Segment Start: DATA TO USE

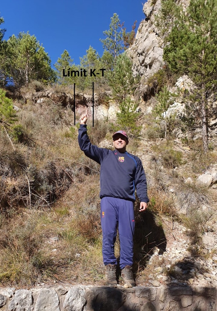 Just abans de dinar, encara tenim temps d’anar fins l’espectacular Mirador de Vallcebre on les vagonetes del telefèric creuaven la serra de l’Empalomar mitjançant un parell de túnels excavats a la roca. A l’entrada del primer túnel un plafó ens informa que, després d’un paquet de gresos, es troba el cèlebre límit K-T (K de Kreide, que és “Cretaci” en alemany, i T de Terciari) moment en que tingué lloc la darrera gran extinció de fa uns 65 milions d’anys, diuen que degut a l’impacte d’un asteròide.
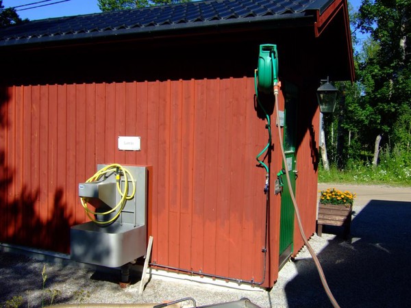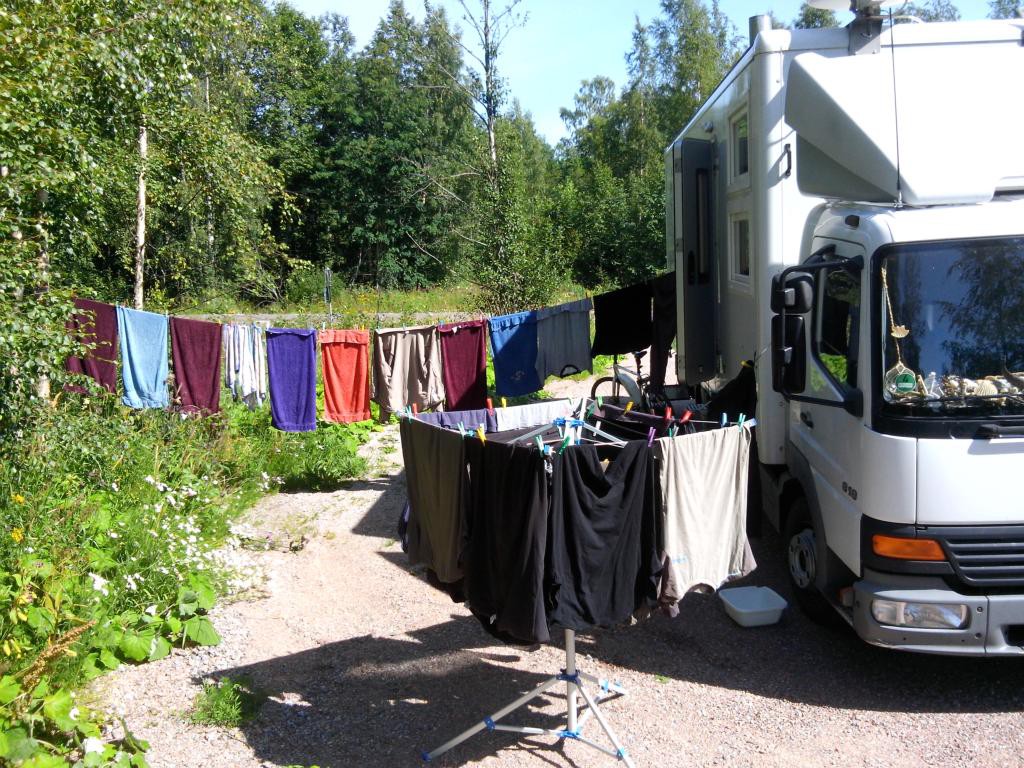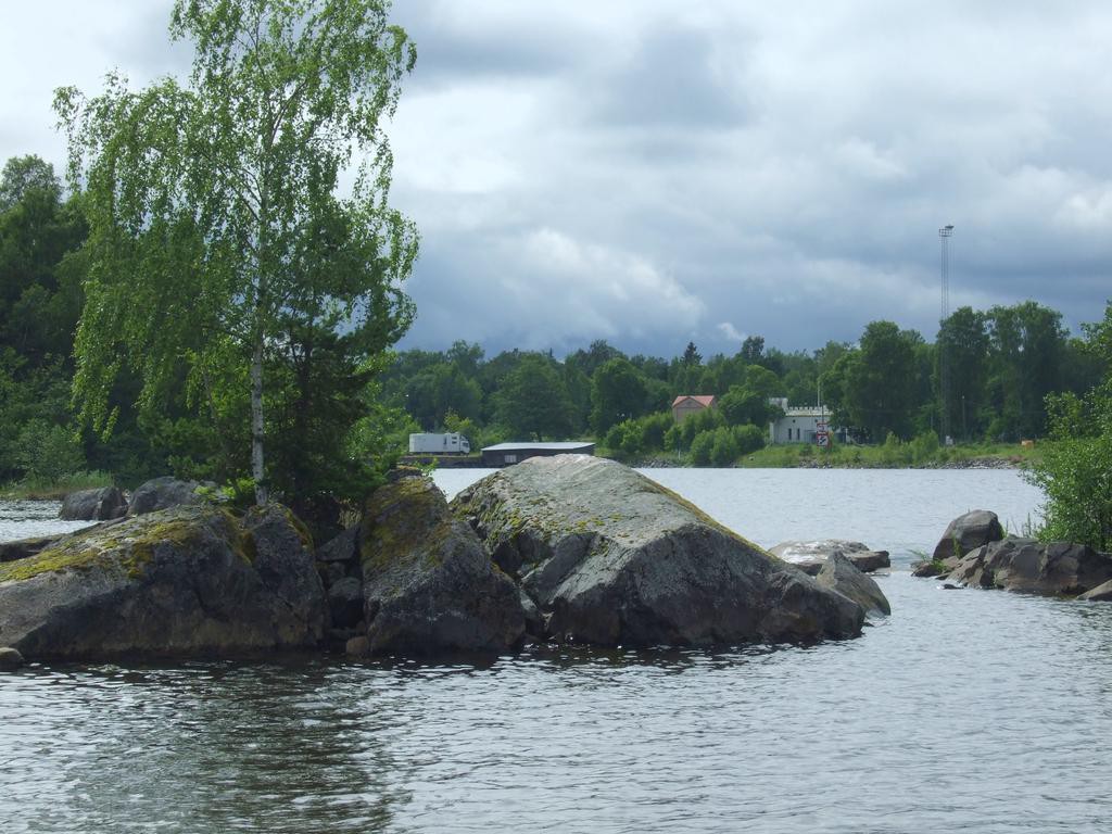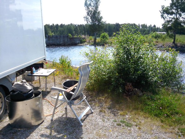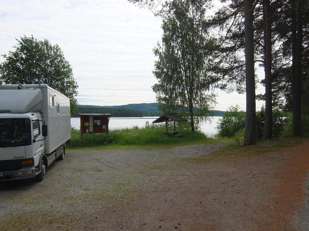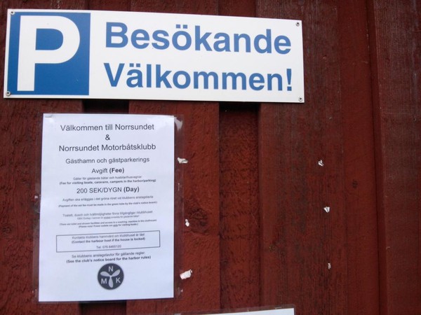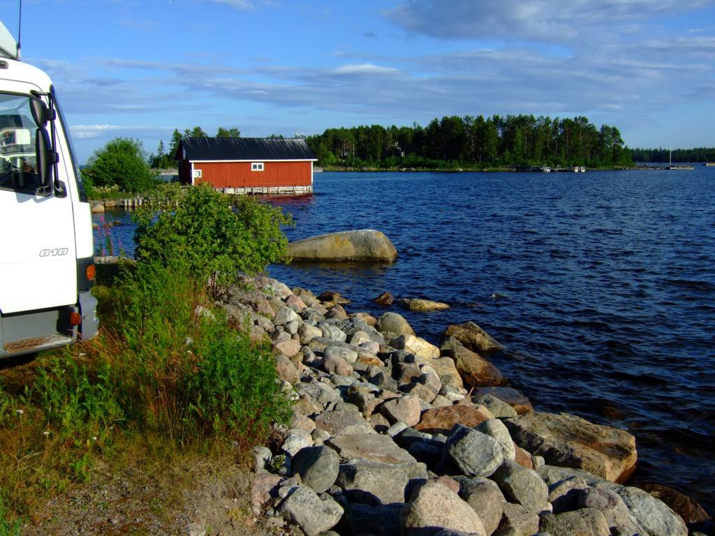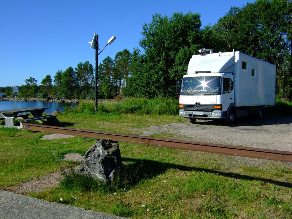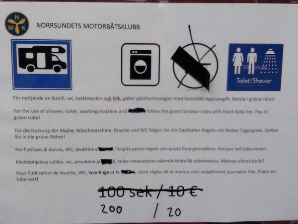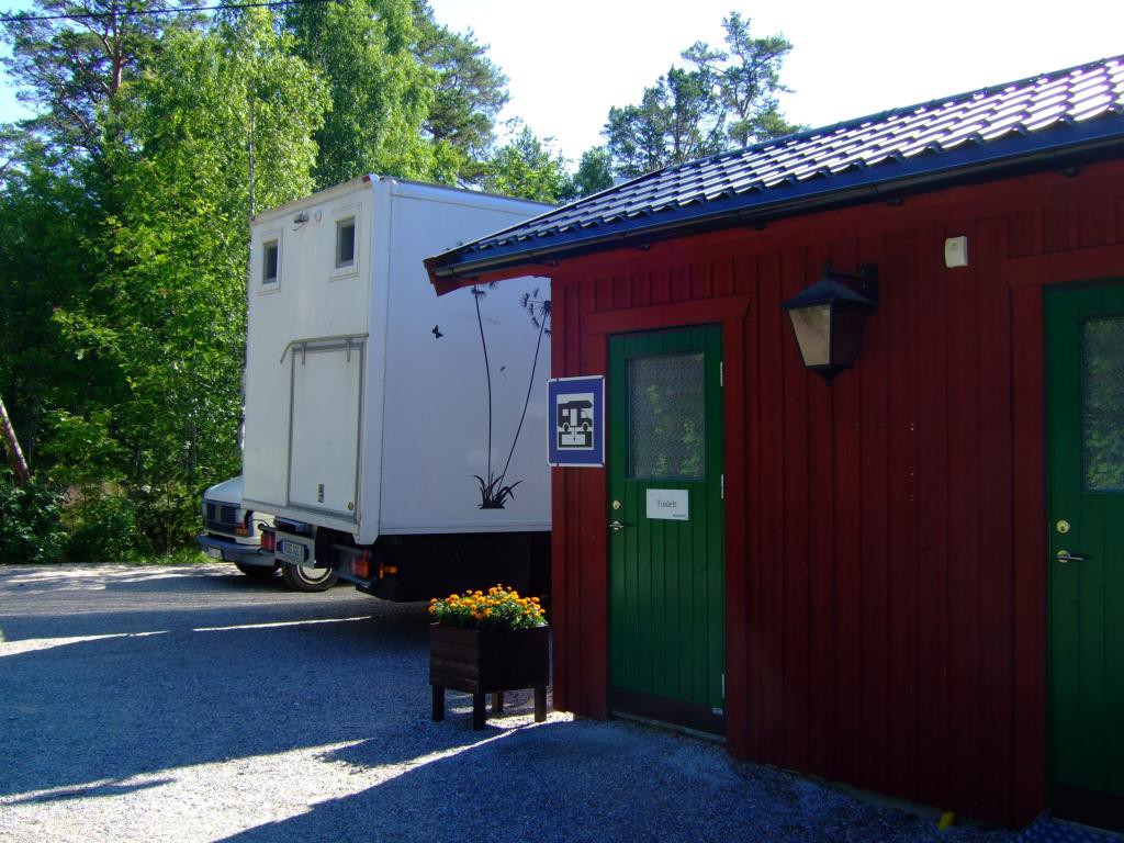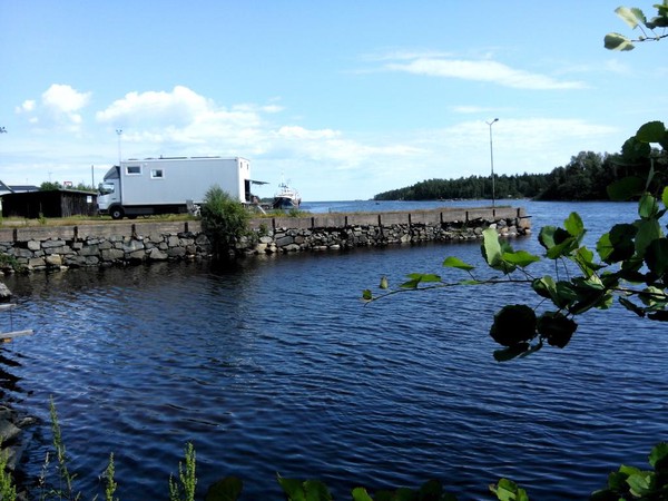 Es gibt einen Wohnmobilstellplatz und unvoreingenommen fahre ich diesen an, bin dann aber ob der Dreistigkeit doch etwas erstaunt. Eine holperige Wiese im Busch am Eingang zu einem per reichlich frequentiertem, staubigen Schotterweg erreichbaren Hafengelände, ist zum Wohnen der motorisierten Besucher vorgesehen. Waschmaschine, Dusche, Toiletten etc. können per Extrazahlung in einem angrenzenden Gebäude genutzt werden. Der Wiesenparkplatz kostete im letzten Jahr 100 SEK oder 10 EUR, jetzt war der Preis etwas korrigiert, 2015 sind 200 SEK oder 20 EUR zu entrichten. Glatte 100% Preiserhöhung. Da fühlt sich der Reisende nicht “Välkommen!”.
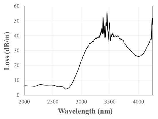 The fiber loss was measured on the Horiba iHR320 imaging spectrometer. The result given in Figure 6 shows a background loss of ~7 dB/m and also a broad absorption band form roughly 2.7 µm–4 µm. This absorption can be attributed to the OH band and is caused by the incorporation of external moisture. The preform was dried at 200 °C with nitrogen gas flows of 5 L/min (five times higher than during fiber drawing) in the furnace on the draw tower. The preform underwent three passes of moving the entire preform through the hot zone. These drying processes did not seem to be sufficient to remove all surface moisture introduced from the atmosphere in the stack.
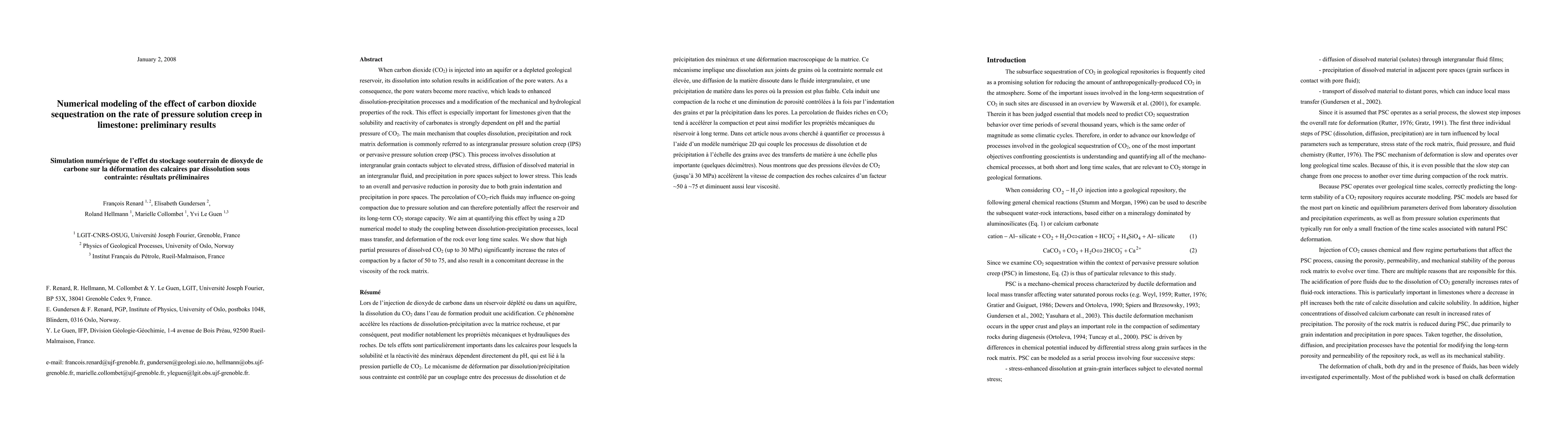 When carbon dioxide (CO2) is injected into an aquifer or a depleted geological reservoir, its dissolution into solution results in acidification of the pore waters. As a consequence, the pore waters become more reactive, which leads to enhanced dissolution-precipitation processes and a modification of the mechanical and hydrological properties of the rock. This effect is especially important for limestones given that the solubility and reactivity of carbonates is strongly dependent on pH and the partial pressure of CO2. The main mechanism that couples dissolution, precipitation and rock matrix deformation is commonly referred to as intergranular pressure solution creep (IPS) or pervasive pressure solution creep (PSC). This process involves dissolution at intergranular grain contacts subject to elevated stress, diffusion of dissolved material in an intergranular fluid, and precipitation in pore spaces subject to lower stress. This leads to an overall and pervasive reduction in porosity due to both grain indentation and precipitation in pore spaces. The percolation of CO2-rich fluids may influence on-going compaction due to pressure solution and can therefore potentially affect the reservoir and its long-term CO2 storage capacity. We aim at quantifying this effect by using a 2D numerical model to study the coupling between dissolution-precipitation processes, local mass transfer, and deformation of the rock over long time scales. We show that high partial pressures of dissolved CO2 (up to 30 MPa) significantly increase the rates of compaction by a factor of ~ 50 to ~ 75, and also result in a concomitant decrease in the viscosity of the rock matrix.
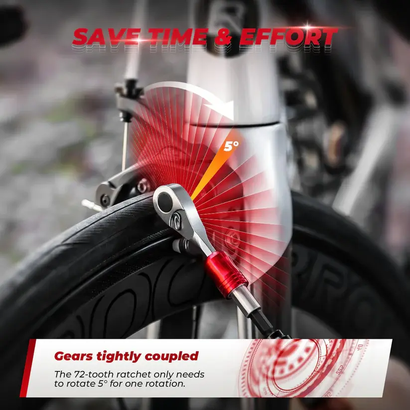 ·MORE SIZE OF WRENCHES AVAILABLE: ROCKBROS ratchet socket set provides more size of wrenches for bike maintenance, including 2.5-8mm Allen wrenches, PH1, T25&30 torx sockets. This wrench set have covered almost all the sizes of wrenches being needed in the bike maintenance. The 1/4’’ driving size also allows it adapt to other 1/4’’ wrenches.
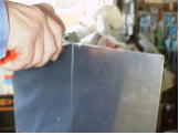 1.5ミリ以上の板の場合、折りきるときちょっとしたこつがいります。経験を積めば簡単ですが、どうしてもうまくいかない場合は、次に述べる厚板の方法で切り取ります。
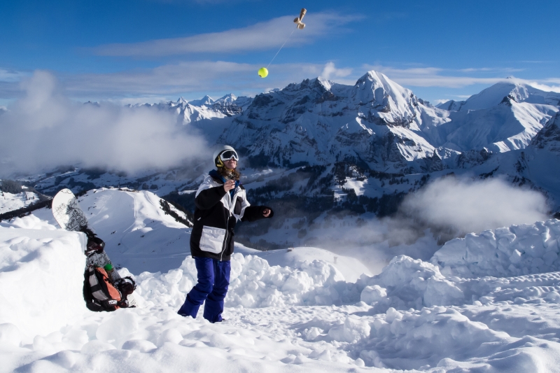 I hiked with my Snowboard on the top of this swiss mountain for making the photo. You can see that playing Kendama is not only possible in the cities. All around the world you CAN play Kendama, also on a top of a mountain! It was really cold (-10 degrees), but I think it’s a great picture!! After that shot I had an awesome powder run! Successful day for me!
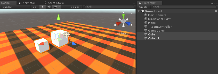- Open the "GameLevel" Scene and create a couple of Cubes (GameObject -> 3D Object -> Cube)
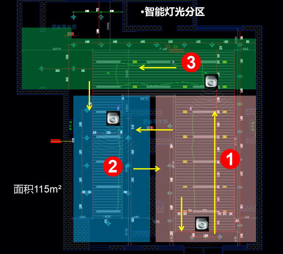 区域2、区域3采用的是人体感应模式:即人来灯亮(100%)、人走灯暗(30%)。
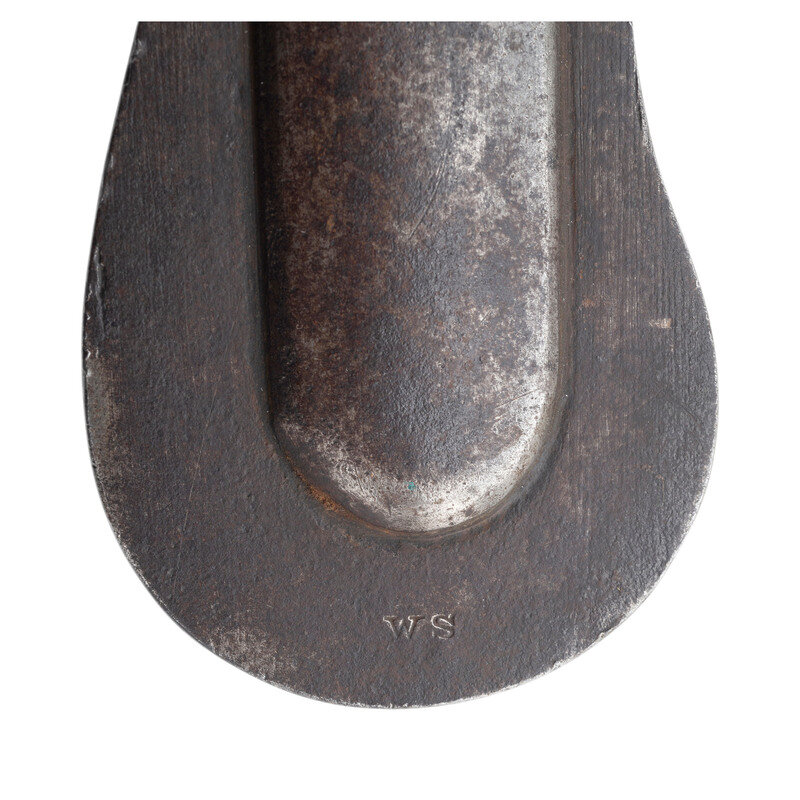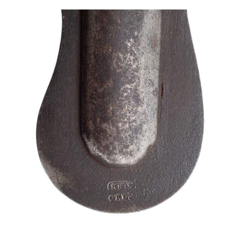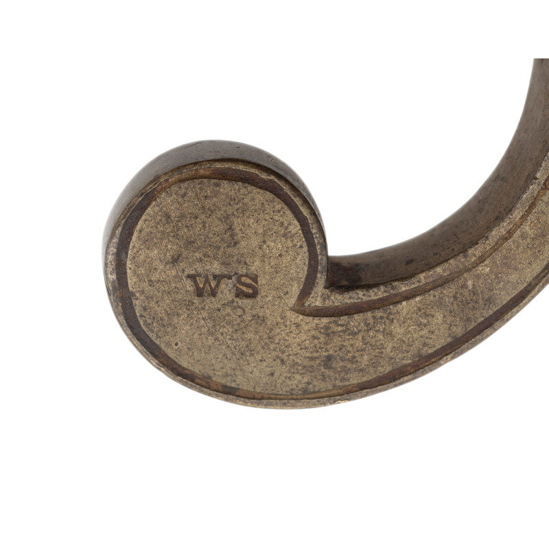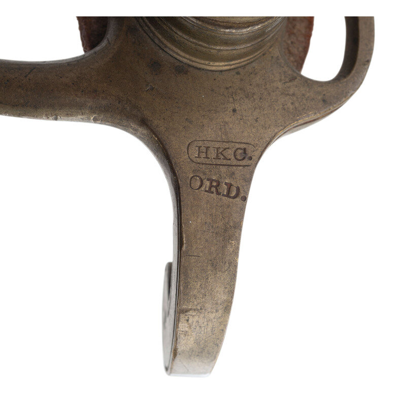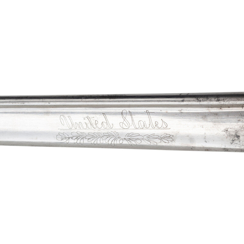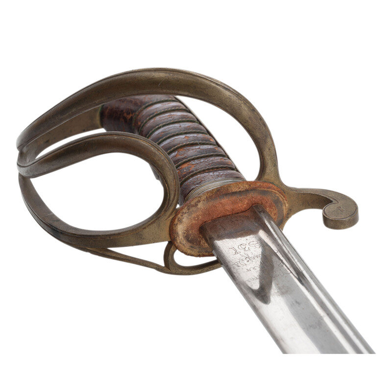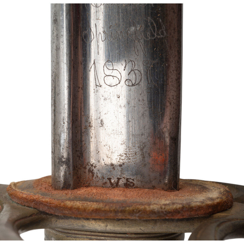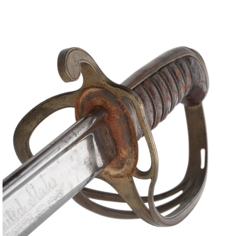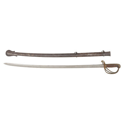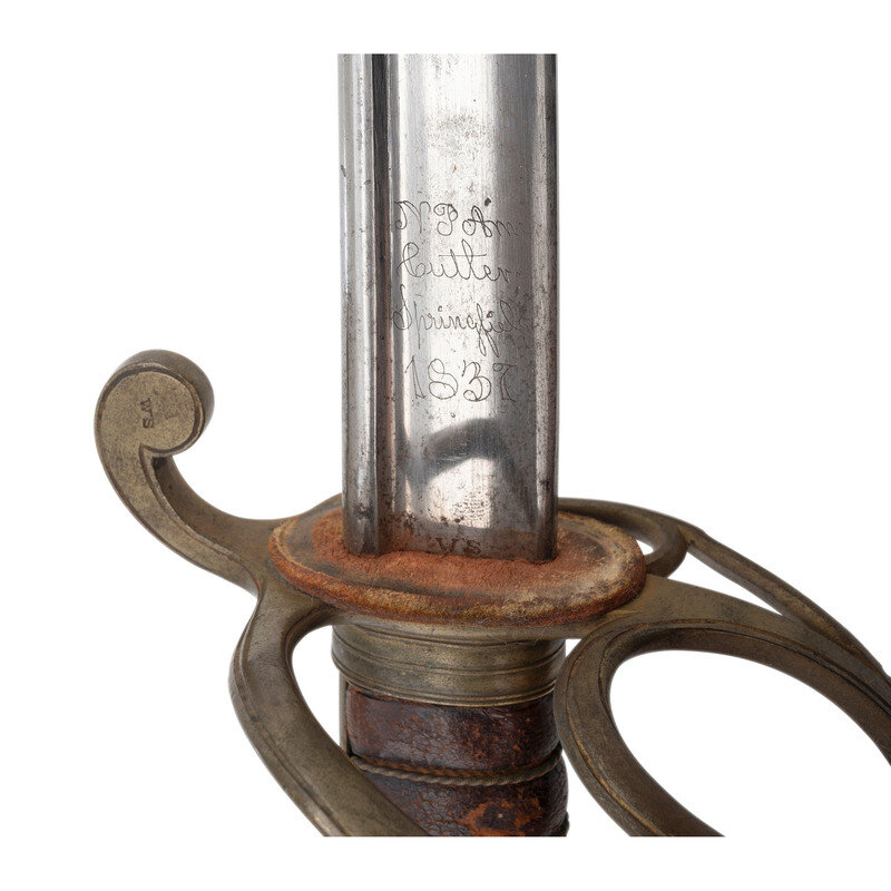 34" single edged, slightly curved spear point quill-back blade with round spine. 39.75" in overall length. 5.25" hilt with cast brass two-branch guard with knuckle bow and backstrap with stepped pommel cap with spanner nut pommel cap. Grooved wood grip with leather covering and seven wraps of multi-strand twisted wire. Thick buff leather throat washer at blade to hilt junction. Reverse of blade dry needle etched United States in script over a floral splay with the obverse similarly etched in four lines: N.P. Ames/Cutler/Springfield/1837. Obverse ricasso stamped with a WS inspection, the mark of Springfield Arsenal civilian sub-inspector William Smith, with a matching WS on the obverse of the quillon. Top inner face of quillon stamped with a small HKC cartouche and ORD for Henry Knox Craig, Ordnance Officer. Browned sheet iron scabbard with screw-attached boat throat and correct split ring hangers is also inspected on the drag with a WS on the obverse and the HKC and ORD on the reverse. A truly fine example of a US Dragoon saber from the pre-Mexican War period.

Segment End: DATA TO USE

* WHAT THE EXERCISE ASKS
In the records above, everything from the line with "Object -> Cube)" down to the line with "区域2、区域3采用的是人体感" must be duplicated exactly, both lines kept. Leave no pictures in.

* OUTPUT OF THE TASK
- Open the "GameLevel" Scene and create a couple of Cubes (GameObject -> 3D Object -> Cube)
 区域2、区域3采用的是人体感应模式:即人来灯亮(100%)、人走灯暗(30%)。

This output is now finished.